I soon found out. Stepping into the exhibit hall, where pharmaceutical companies promoted their booths, I saw protesters yelling, waving their arms, scaring people. One had red paint smeared on him and wore a death mask. They then marched together throughout the hall, banging a drum, calling out companies. It was grim. Some pharmaceutical reps fled the scene. In fact, most did. The booths were being emptied quickly.

At one booth, a lone rep stood his ground. I was standing next to him when Michael Davon, a person with hemophilia and HIV from Boston, walked up to him and began yelling. Michael was quite taller than the rep and intimidating. He threw packages of needles in the man’s face and yelled, “And your needles are the wrong size!”

I wondered what could possible happen next.

Joe Pulgliese, general manager of Armour Pharmaceuticals, the man who had the needles thrown in his face, responded calmly, “I think there are bigger issues here to talk about instead of needle size. Tell me what the problem is.”
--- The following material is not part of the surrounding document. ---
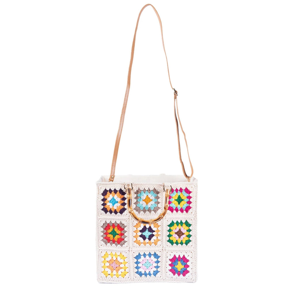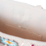 The Jelavu Mathilde bag is crafted in raffia with rattan and features embroidered graphics with raised details. This bag can be styled as a crossbody.

The rage, absolute rage about being infected with HIV from contaminated blood products; pharma’s role in this; cover-ups; not being believed and not being heard; the deaths of friends and colleagues.

Laurie Kelley and Joe Pugliese 2000

By simply exposing himself to the anger, absorbing it, taking a stand and offering a listening ear, Joe calmed Michael down. They sat. I watched from the sidelines in amazement as Michael quieted but continued his list of accusations. When everyone else fled, Joe had stayed, unafraid.

I saw the power of compassion, even in the face of potential violence, and the power of listening. Angry people want to be heard. But often our first reaction is to retreat, or defend ourselves. Or even fight back. No one ends up listening. Angry people have a right to be heard. Violence is not acceptable, but not being heard and not feeling compassion can lead to heightened emotions, and even violence.

Today is Joe’s birthday, and I’m proud to say he has been a friend since 1989. He was my first contact in the hemophilia community, and he has been a friend to the community for decades. He secured funding for so many nonprofits for family programs and camps. He approved my book in 1990, when I was a complete unknown. And he works today still, overseeing the Hemophilia Alliance, which helps HTCs with funding, to keep them viable, to serve us.

Laurie and Joe a few years ago

There will always be angry people, there will always be protesters, and there will always be wrongs that need to be righted. But there aren’t many people who stand in the face of it all, look it in the eye, and say “Tell me what’s wrong.”

Happy birthday, Joe! We have been and still are blessed to have you in this community.